The forests are the largest and very important ecosystems of the Bohemian Forest. The highest parts of the mountain range are covered by mountain spruce forests. Natural disturbances, windstorms together with spruce bark beetles, often cause serious diebacks in mountain spruce forests. Deep knowledge of ecosystem ecology is necessary for appropriate management of these areas. An increasing numbers of mountain spruce forests growing in nature reserves and core zones of national parks are managed as “non-intervention areas” and nature disturbances are accepted as integrated part of their development. Sufficient natural regeneration is a key factor of natural reconstruction of these forests.

Both national parks – Bavarian Forest NP (1970) and Šumava NP (1991) protect together 22.670 ha of mountain spruce forests, one of the largest complexes in Central Europe. A large-scale and long-term investigation of mountain forest natural regeneration has been started in non-intervention (“natural”) zone of the Bavarian Forest NP in 1991 (HEURICH et al. 2010). Already the sixth repeated investigation has reported a rich natural regeneration with high genetic diversity and high spatial variation. A successful recovery of mountain forests in Bavarian Forest NP after windstorm and bark beetle outbreaks has been confirmed. In the Šumava NP the inventory of mountain forests regeneration has been started in 2008.

Monitoring project design

The BIOKLIM project (Biodiversity and Climate Change, BASSLER et al. 2015) is the first project covering a whole non-intervention zone. The BIOKLIM Monitoring is a large biodiversity survey and aim to provide a broad range of data to assess the effects of the benign neglect strategy on species and communities across different taxonomic groups. A further aim is to assess and predict the consequences of climate change on the low mountain range. First inventory started in 2006 in the Bavarian Forest NP. This survey will be repeated in 2016 and extended to the Sumava NP. The common monitoring of biodiversity will be implemented using the consistent methods. This ensures to provide comparable data for the bilateral national parks sharing the same ecosystems.

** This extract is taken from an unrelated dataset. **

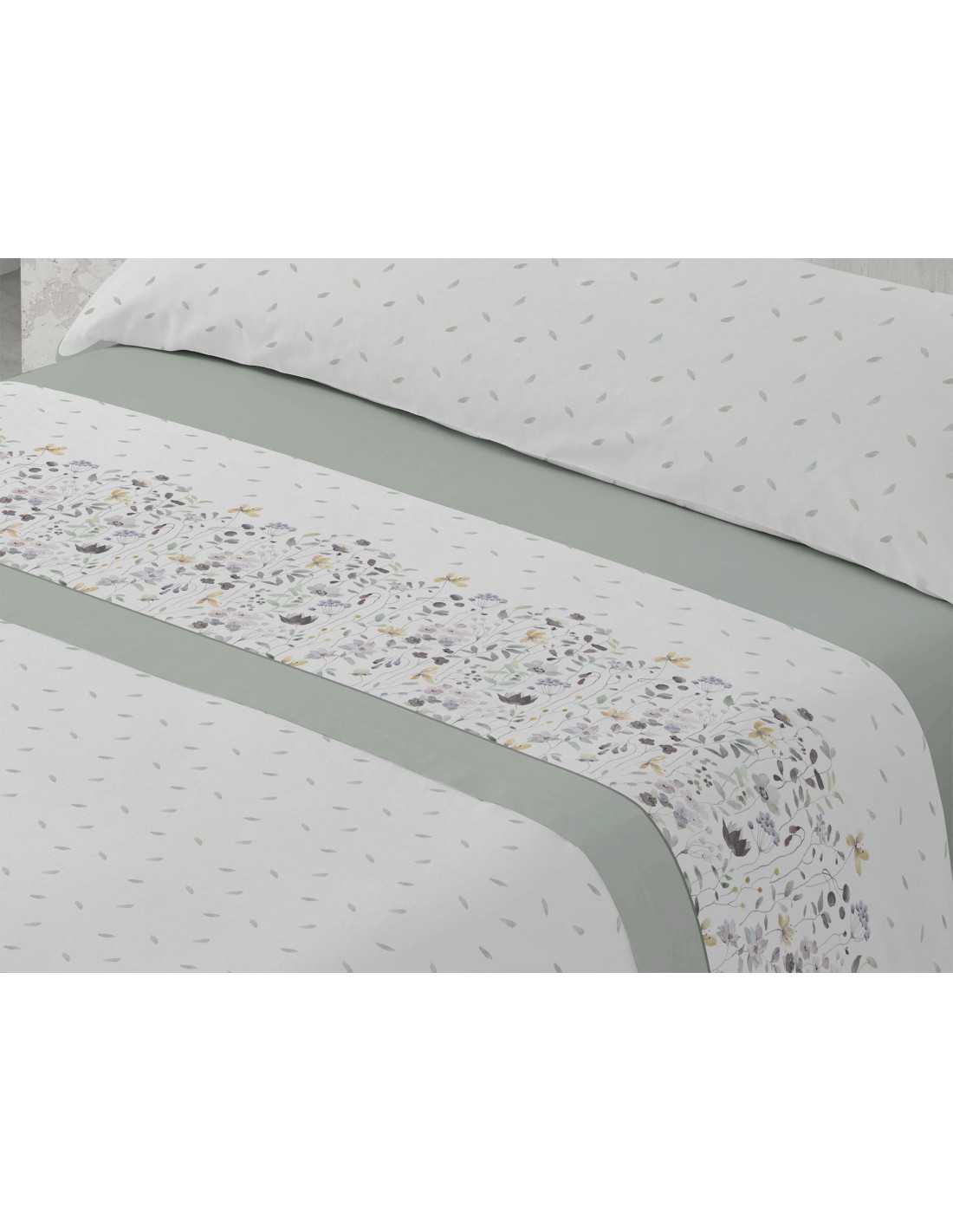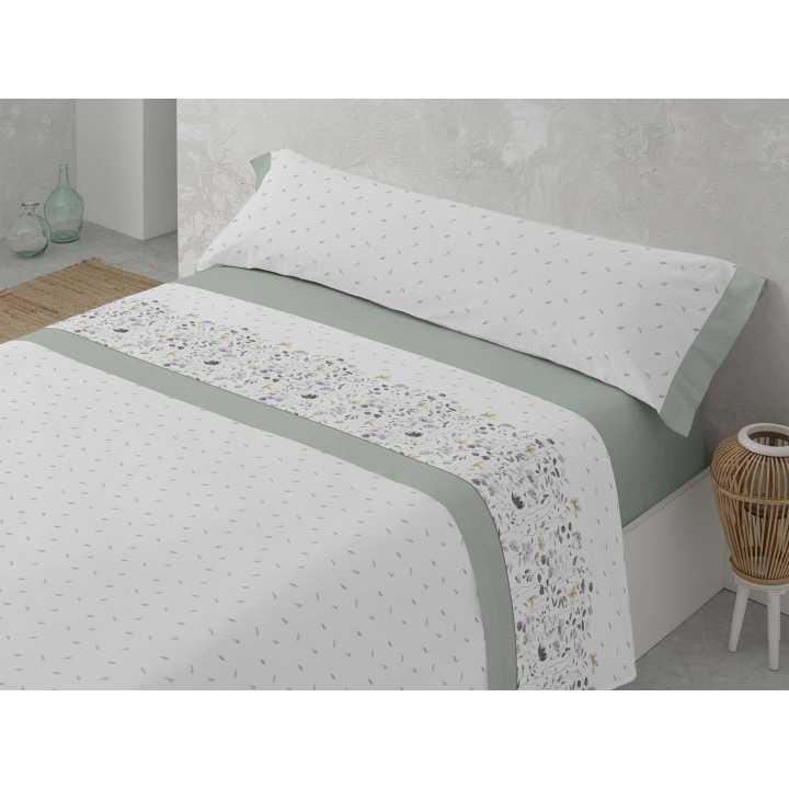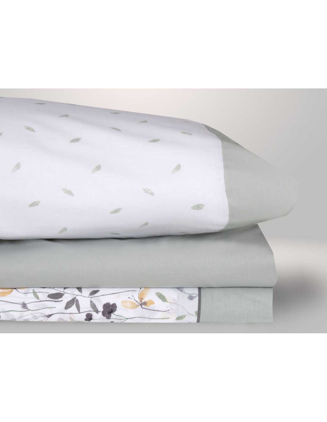 Juego de sábanas de algodón y poliéster en tonos verdes con detalles en amarillo y malva, con un diseño precioso de pétalos y en el embozo impresión floral combinado con la bajera en color liso a juego y detalle en los extremos del almohadón en color liso.

Location: 147 study sites covering the whole elevational gradient in Bavarian Forest NP; ca. 150 study sites in the Sumava NP. Map

Methodology: On each plot a plethora of environmental variables is measured, recorded or modelled. It includes for example basic topographic information (e.g., altitude, exposition), forest structural variables (e.g. dead wood, tree species composition at different strata), soil chemical physical and chemical properties, and a set of biological meaningful climate variables. Data on 25 higher taxonomic groups (mainly plants and insects) were collected (for details see BÄSSLER et al. 2008).

Main outputs: Regional data from a large biodiversity survey can be used in various ways: 1. Supporting decisions of the National Park management, 2. Improving our knowledge on how species and communities respond to a benign neglect strategy in a former commercial forest within a highly cultivated landscape in Central Europe, 3. Allowing to make concrete recommendations in order to improve biodiversity needs in commercial forests, 4. Providing evidence on the impacts of climate change on species distribution and allowing to make predictions on the extinction risk of species.

TheBiomonitoring project started in 2008 in Šumava NP and provided detailed information about the state and development of forests in non-intervention areas (ZENÁHLÍKOVÁ et al. 2015). Study sites of this project are situated in zones, where active forest management is applied. Some plots are used as study sites for the transboundary monitoring project focusing on biodiversity drivers in forests and influences by climate change.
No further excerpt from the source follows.